Prostaglandin antagonists are:

  • NSAIDs – long term use of aspirin and ibuprofen can decrease the incidence of certain malignancies like colorectal cancer, oesophageal cancer, breast cancer, lung cancer and bladder cancers. The targets of NSAIDS are cyclooxygenase (COX) enzymes, which convert arachidonic acid to prostaglandins and thromboxane.
  • COX -2 selective inhibitors – PG E2 can promote tumour growth and is the principal mediator of inflammation in diseases such as rheumatoid arthritis and osteoarthritis. Nonsteroidal anti-inflammatory medications (NSAIDS) and selective cyclooxygenase-2 (COX-2) inhibitors, reduce PG E2 production to diminish the inflammation in these diseases, BUT have toxicities that may include gastrointestinal bleeding and prothrombotic tendencies.

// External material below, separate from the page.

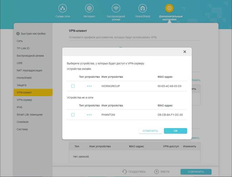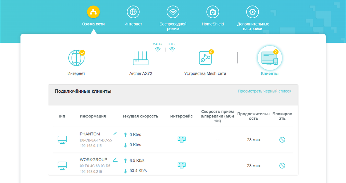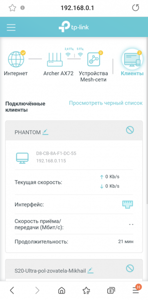 В списке клиентов фигурируют два ПК, подключенных Ethernet-кабелями к гигабитным портам LAN. Один из них, Phantom, бездействует, а при помощи другого, Workgroup, мы управляем роутером и снимаем скриншоты.
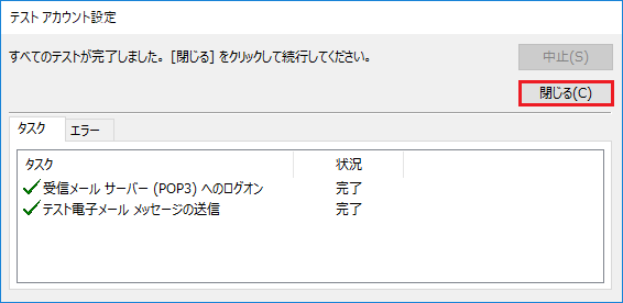 「テスト アカウントの設定」の画面が表示され、設定した内容でサーバーに接続できるかテストが行われます。「受信メールサーバー(POP3)へのログオン」と「テスト電子メールメッセージの送信」の状況が「完了」になりましたら、アカ ウントの設定が完了となります。

An omega-3 rich diet, is associated with a reduction in prostate tumor PG E2 levels.
  • Corticosteroids
  • Cyclopentenone prostaglandins- inhibit inflammation.
  • Future medications that inhibit the action of PG D2 should delay male pattern baldness.

Clinical uses:

  • To induce childbirth or abortion
  • Treat peptic ulcers
  • As a vasodilatorischemia of a limb/ Raynaud’s phenomenon.
  • Pulmonary hypertension
  • Treating glaucoma
  • Erectile dysfunction: (Prostaglandins E1 – may be beneficial for some patients with erectile dysfunction and peripheral arterial occlusive diseases).


Prostaglandins are produced from the enzyme-controlled oxidation of fatty acids AA, DGLA or EPA by cyclooxygenases (COX-1 and COX-2) and terminal prostaglandin synthases. Prostaglandins are produced following the sequential oxidation of COX-1, is responsible for the baseline levels of prostaglandins; COX-2 produces prostaglandins though stimulation. However, while COX-1 and COX-2 are both located in the blood vessels, stomach, kidneys, prostaglandin levels are increased by COX-2 in scenarios of inflammation. There are several dozen prostaglandins and each have very different and very specific functions.

Prostaglandins for practical purposes, can be classified in 3 groups (depending on which fatty acid they are made from):

  • Series 1 prostaglandins (PG1) are made from gamma linoleic acid (GLA), with linoleic acid as the starting point. This series of prostaglandins relax blood vessels, improve circulation, lower blood pressure, decrease inflammation, improve nerve function, regulate calcium metabolism, improve T-cell function and prevent the release of arachidonic acid (AA) from cells (“bad” prostaglandins).
  • Series 3 prostaglandins (PG3) are made from EPA (fatty acid found in fish oil), with linolenic acid as the starting point. Their most important job is to prevent AA (“bad” prostaglandins) from being released by cells.
  • Series 2 prostaglandins (PG2) are made from arachidonic acid (AA). They promote platelet aggregation (clot formation), inflammation sodium retention, influence heart disease, blood clots, increase cortisol production etc. Reducing prostaglandins 2 is a good option to stay healthier.